━━━━━ DATASET EXTRACT

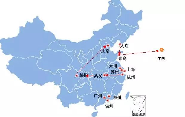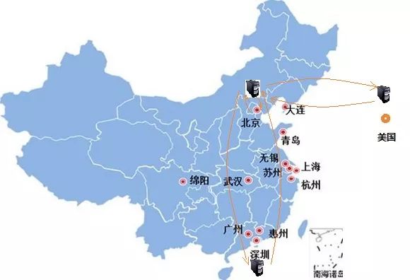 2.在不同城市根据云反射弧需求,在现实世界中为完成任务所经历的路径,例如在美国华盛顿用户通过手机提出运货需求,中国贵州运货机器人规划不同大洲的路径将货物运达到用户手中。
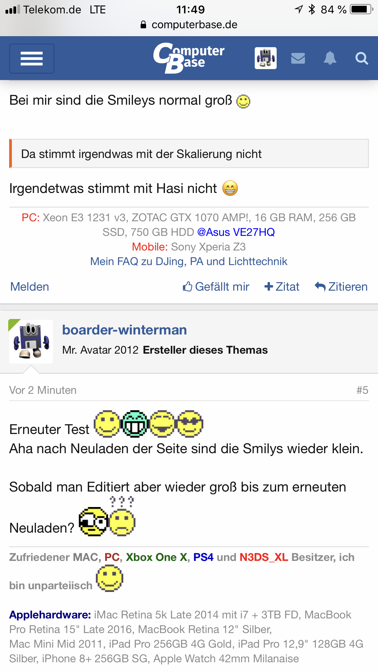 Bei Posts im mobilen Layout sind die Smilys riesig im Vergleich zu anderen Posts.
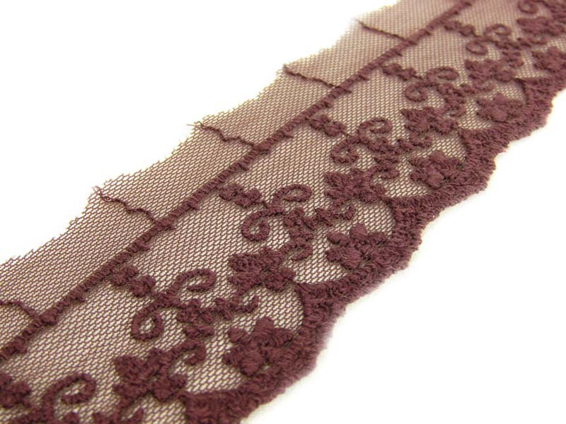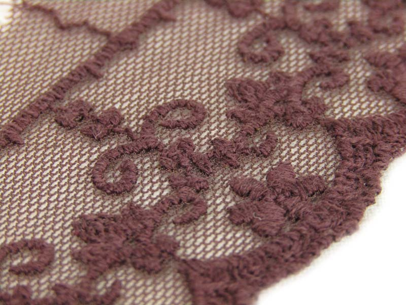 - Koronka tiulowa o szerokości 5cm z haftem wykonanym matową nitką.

━━━━━━━━━━

PROBLEM:
Skip all pictures. Then give again, exactly, each line from the line holding "Bei Posts im" through the last line of the listing above, both ends included.

EXERCISE OUTPUT:
 Bei Posts im mobilen Layout sind die Smilys riesig im Vergleich zu anderen Posts.
 - Koronka tiulowa o szerokości 5cm z haftem wykonanym matową nitką.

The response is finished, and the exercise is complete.